• _Assignment_
Below are records with pictures in them. Output exactly the lines from the one with "A Camisa Steve!" through the one with "PTAより卒業生に記念品がおくられました。卒業証書ファイルです。", both included, and leave every picture out; give only those lines.
::::
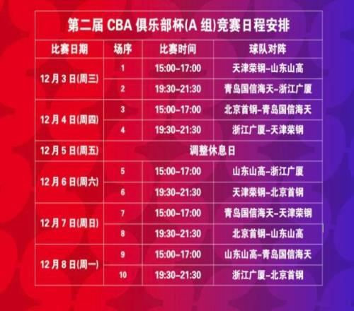 第二屆CBA俱樂部杯賽區(qū)抽簽結(jié)果已于昨日揭曉,備受關注的長沙賽區(qū)小組賽將于12月3日-8日在賀龍體育館拉開戰(zhàn)幕。北京首鋼與青島國信海天、天津榮鋼、浙江廣廈、山東山高五支勁旅齊聚A組,即將展開激烈角逐。
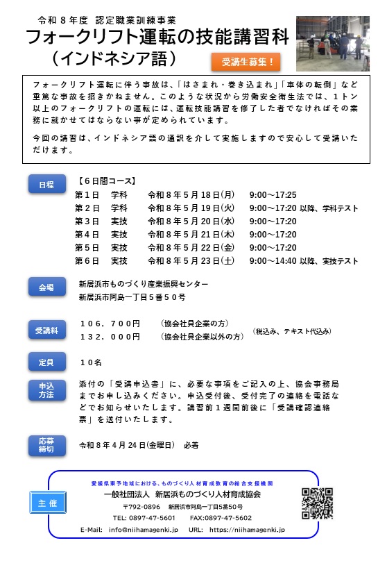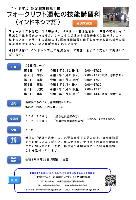 フォークリフト運転の技能講習科【インドネシア語】 のご案内【令和8年6月1日~6月6日 開催】
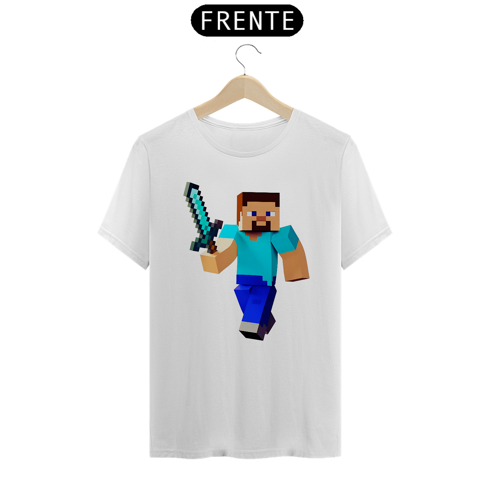 A Camisa Steve! Uma peça incrível e cheia de aventura para os fãs de Minecraft! Com seu design inspirado no icônico personagem Steve, ela é perfeita para quem busca expressar sua paixão pelo mundo dos blocos. A estampa simples e detalhes gráficos garantem um visual autêntico e cheio de personalidade. Uma camisa que é pura criatividade e estilo, para os verdadeiros fãs do jogo!
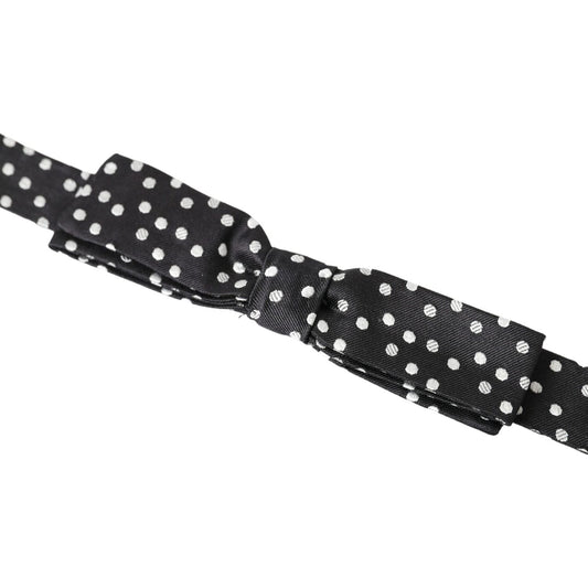 Dolce & Gabbana Black Polka Dot Silk Adjustable Men Neck Papillon Bow Tie
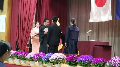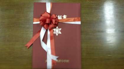 PTAより卒業生に記念品がおくられました。卒業証書ファイルです。
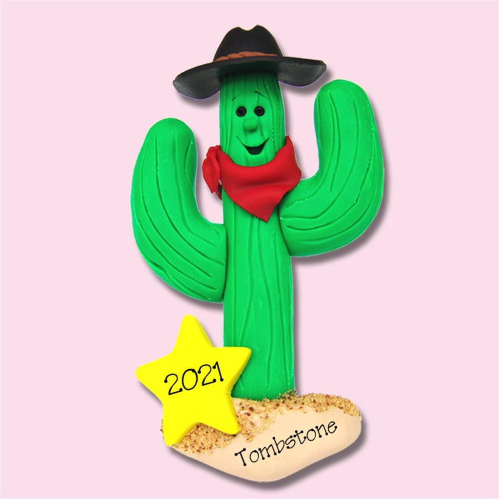 Cactus Cowboy HANDMADE Polymer Clay Personalized Christmas Ornament - Western
::::
• _Your solution_
 A Camisa Steve! Uma peça incrível e cheia de aventura para os fãs de Minecraft! Com seu design inspirado no icônico personagem Steve, ela é perfeita para quem busca expressar sua paixão pelo mundo dos blocos. A estampa simples e detalhes gráficos garantem um visual autêntico e cheio de personalidade. Uma camisa que é pura criatividade e estilo, para os verdadeiros fãs do jogo!
 Dolce & Gabbana Black Polka Dot Silk Adjustable Men Neck Papillon Bow Tie
 PTAより卒業生に記念品がおくられました。卒業証書ファイルです。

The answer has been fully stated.